How often are you supposed to clean your reusable water bottle?

I'm sitting here at work, early in the morning, getting ready to get started for the day. I just looked at my water bottle and realized I have not washed it since November.

No. Vem. Ber.

What are my chances of survival? I use this bottle every day. It has now just occurred to me, 8 months later, that I should probably have it on some kind of cleaning rotation.

I just felt the inside of it. It feels like my face after all the sweat dries from a long run. It's supposed to have a smooth plastic feel. I also just noticed that there are currently somewhere in the vicinity of 270,000 fingerprints around the outside.

With hygiene habits like this, it's no wonder I've had my foot disease for 7 years.


I'm thinking about my water bottle right now because I'm trying to re hydrate after Tuesday's miserable attempt to "run" the Deseret News Marathon in Salt Lake City. I may have mentioned at some point, although I can't remember now whether I did, that I tried to do an Ironman earlier this year. I even trained for it. It didn't go well. Long story short, when I think of that day now I usually pee a little.

So recently both Daniel and I decided that we ought to complete a marathon this year so we could feel accomplished in something. And before we knew it, we had signed up for the Deseret News Marathon, which falls on Pioneer Day.

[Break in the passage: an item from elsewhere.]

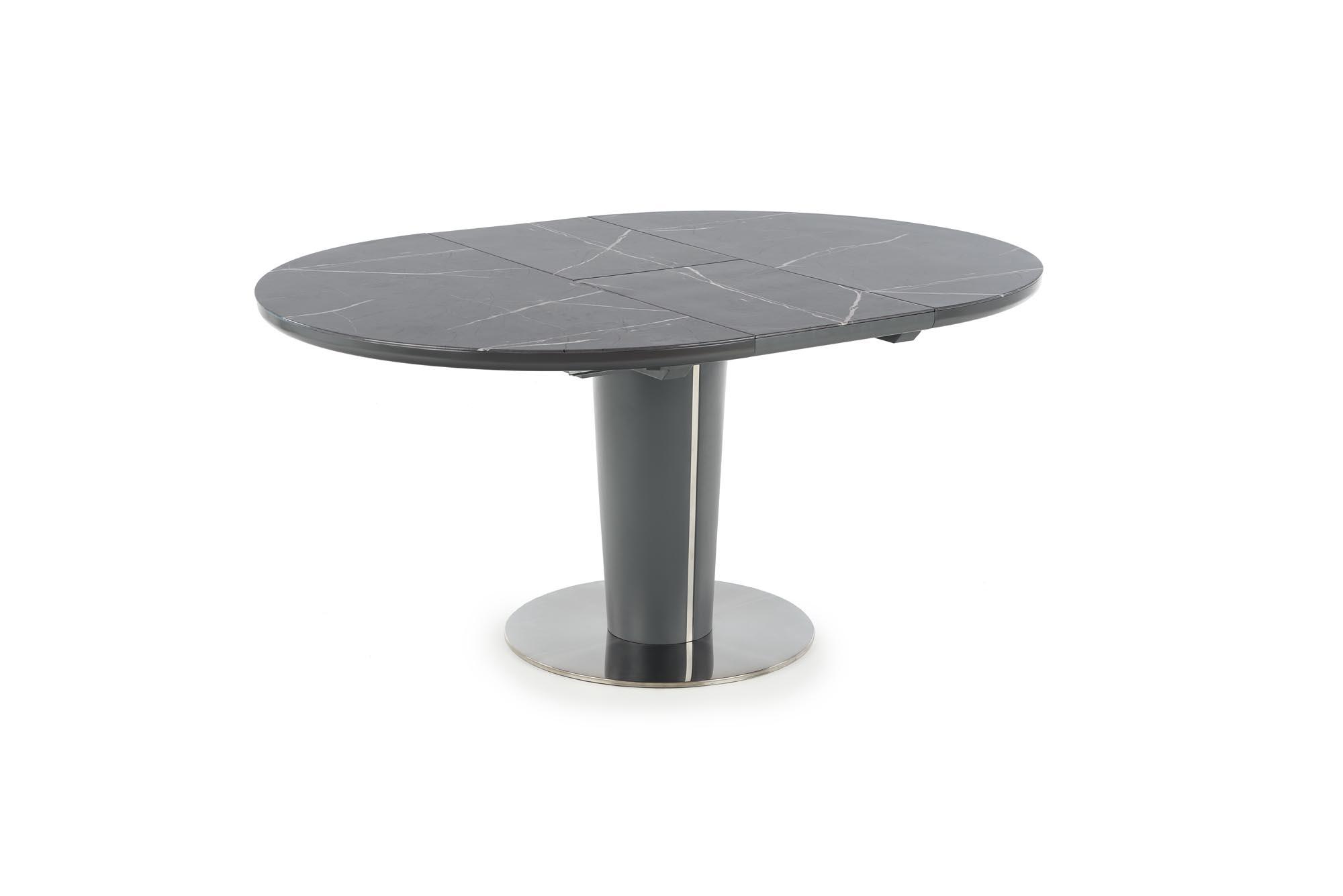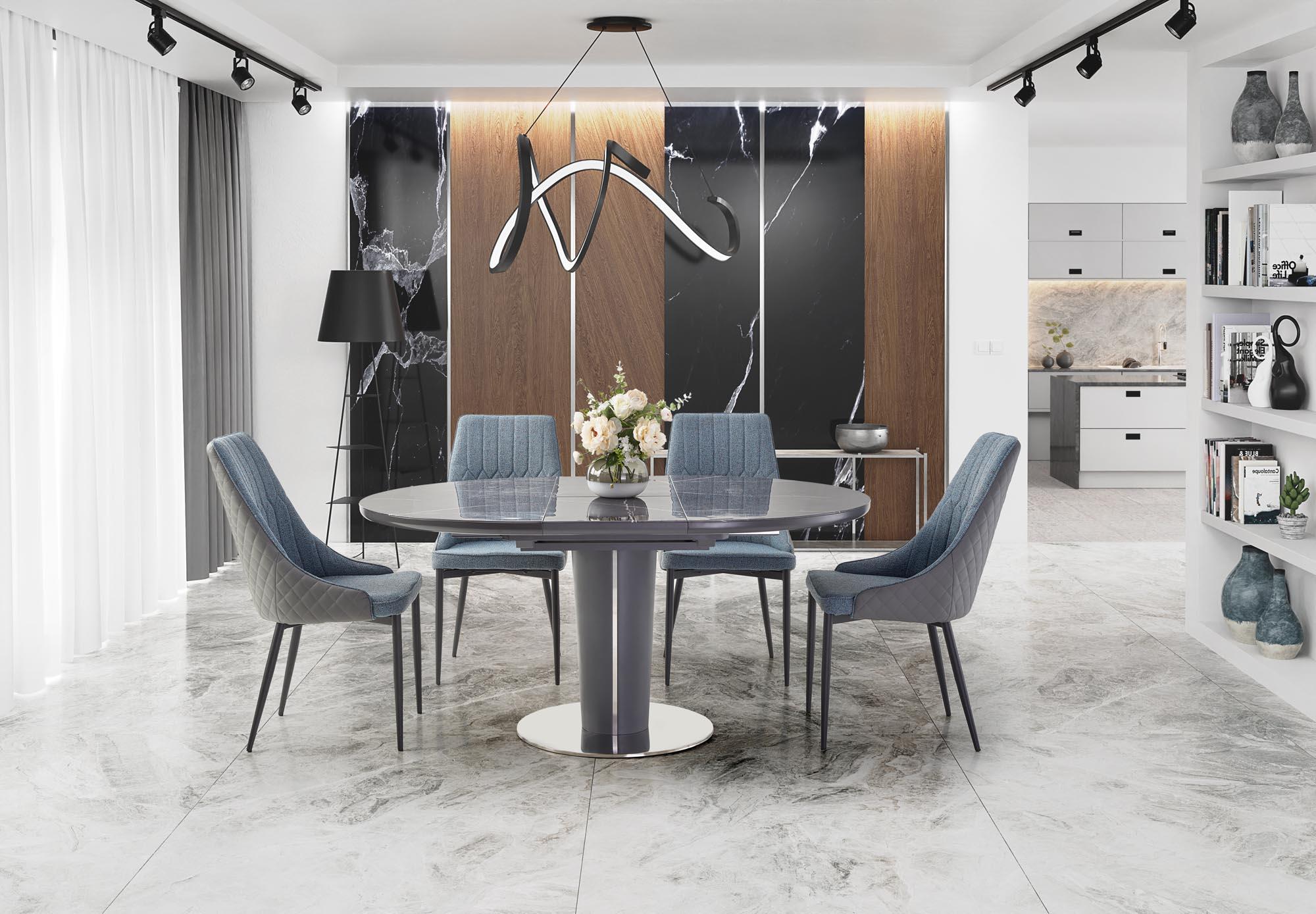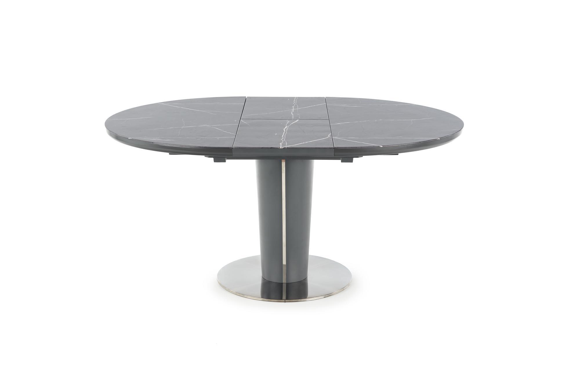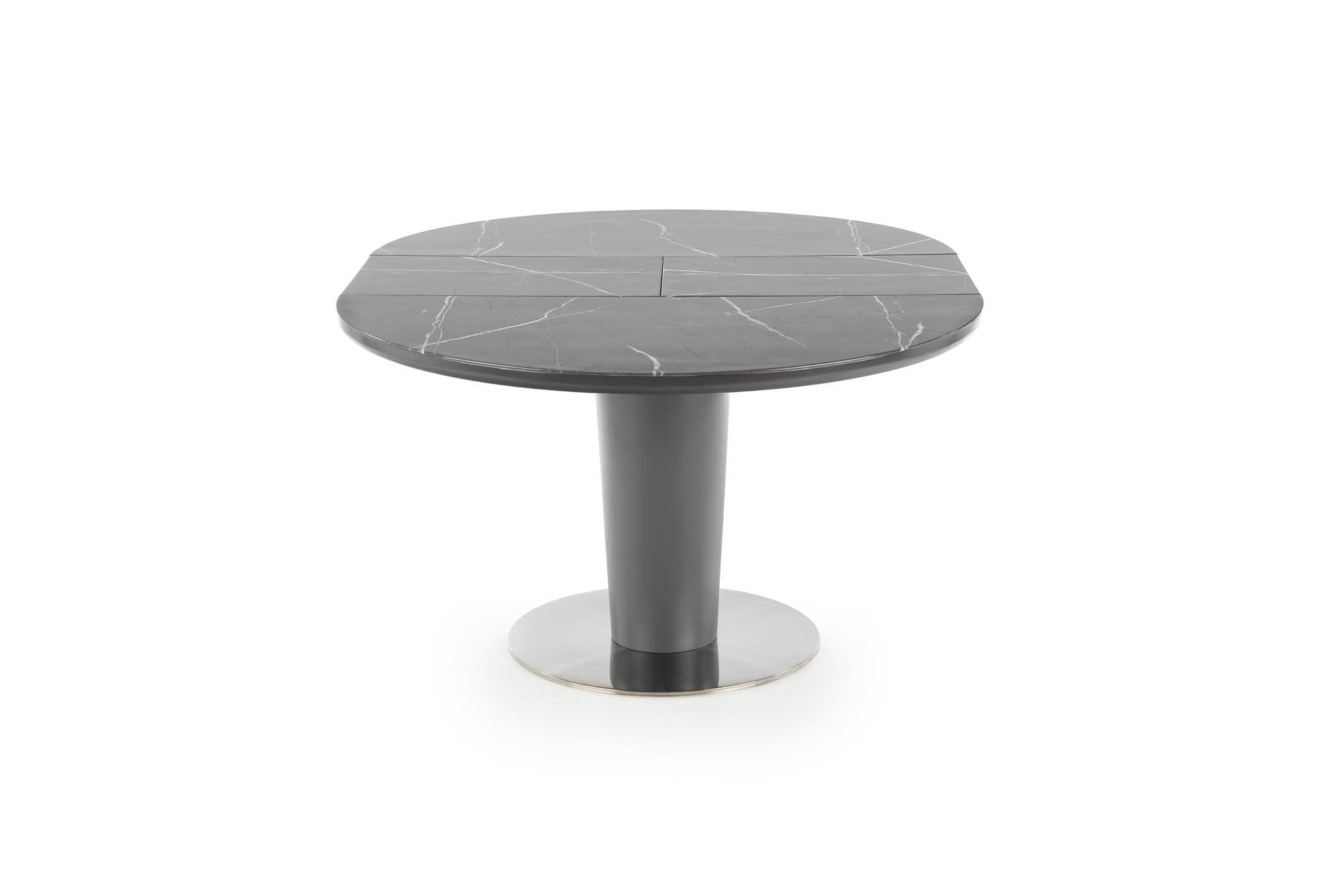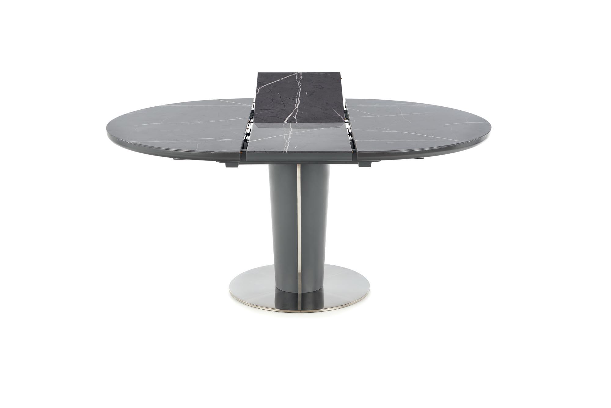 Stół wykonano z materiału: szkło / MDF lakierowany / stal nierdzewna, kolor blat - popielaty marmur, nogi - ciemny popiel
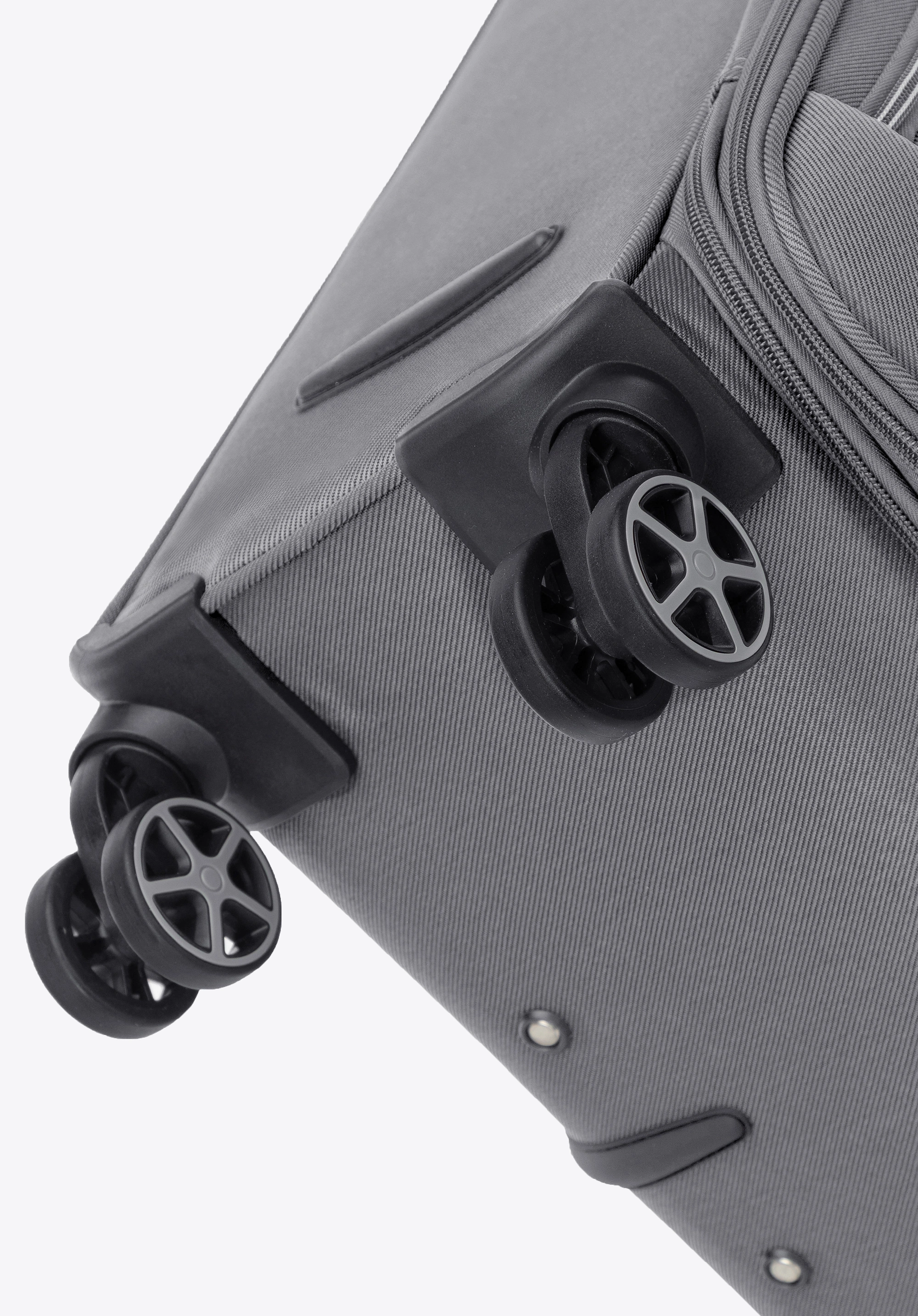 Walizka została wyposażona w cztery podwójne kółka obracające się o 360°, które zapewniają płynne i wygodne prowadzenie. Teleskopowa rączka oraz uchwyty górny i boczny ułatwiają transport nawet przy pełnym załadunku.

Pioneer Day is a true, real, holiday in Utah. And Salt Lake City shuts the hell down on Pioneer Day. Every shop, bank, business, etc. Closed. It's our time to proudly celebrate the day the Mormon pioneers made it into the Salt Lake Valley.

A little history lesson behind the settlement of Salt Lake City: people hated the Mormons (probably because of their veggie jello). The pioneers went west to survive. They got to Salt Lake and Brigham Young was all like, "I know it smells like rotting bodies, but let's kick it here." The pioneers irrigated the entire state of Utah and eventually made way for Cafe Rio.

And now, every year, we celebrate this as enthusiastically as the Queen of Colors attends a funeral. Like, you literally could be run over by a covered wagon on July 24th if you are walking down a Salt Lake street. The gigantic Pioneer Day parade goes past my building, and people were already sitting on chairs on the side of the street waiting for it to start more than 24 hours before start time. For a parade. These people were waiting in the July 23 hot sun for a parade.

A parade.

Anyway, this marathon starts deep up the canyon that those pioneers trekked through, runs along the parade route in Salt Lake City, and ends at a park nearby, mimicking the final miles in the pioneers' long journey.

Neither Daniel or I really trained for this. Ever since the May 5th Ironman attempt, we haven't had a lot of motivation for ultra-endurance exercise. Don't get me wrong. We haven't let ourselves go to pot. But as it turns out, when you don't have a 17 hour endurance event on the calendar, running for hours on end somehow makes way for other activities. Like laying on the floor after work while holding a gym bag until it's time to go to bed.

Nonetheless, we made our way up the canyon on Pioneer Day, covered ourselves with Vaseline, and set off on the course.

At mile 15, I looked down at my right shoe and saw that it was now red, and soaking in blood. I wasn't sure whether I should be more concerned that my foot looked like a scene from Rambo III or that it didn't really hurt.

Toe and shoe after the race. I'm still not totally sure exactly where the blood was coming from.


See, I was always told that your body sends pain signals to your brain when there's a problem. It does this so you can be all like, "what?! I better stop what I'm doing, climb into bed, and eat ice cream for the rest of the day!"

I pull a single nose hair with tweezers and I'm completely debilitated into a sneezing, crying fit on the floor. But my foot basically splits in half and leaves a bloody trail (on Pioneer Day!) down the mountain, and my body's all, "no, it's cool. Just keep doing what you're doing."

Eventually we made it to the final 6 or so miles. My legs were now aching to a point that it seemed like getting them amputated would be the only way to fix the problem. I was tired and mentally drained by this time. And it's always in moments like these when the snark makes way for something a little more sensitive.

It started when some cop standing on the side of the road read from a book as we passed by that success is achieved not by strength, but perseverance. And I got thinking about how I seem to be learning that that is pretty true lately. I imagine that "success" really just means "something to be proud of." And I'm only ever really proud of something if I have persevered through adversity. I got thinking about the pioneers (it was Pioneer Day, after all) and how much they persevered to build a community that I could be safe in. And it seemed really fitting that we would have a whole day to celebrate them for that. I also thought about one family I know who has been inspirationally blogging about how they are successfully coping with an unexpected bout of terminal cancer in their family. They are maintaining incredible attitudes, banding together, and sharing their experience with others who could also use the thoughts of hope. For the last bit of that race, I thought about them, and others, who have been such good examples to me. The people I admire are good examples because each of them, in their own way, have found ways to obtain success by persevering. Perseverance is pretty admirable.

Eventually I persevered enough to finish the marathon. And I was pretty happy about it.

Even though my toe basically fell off in the process.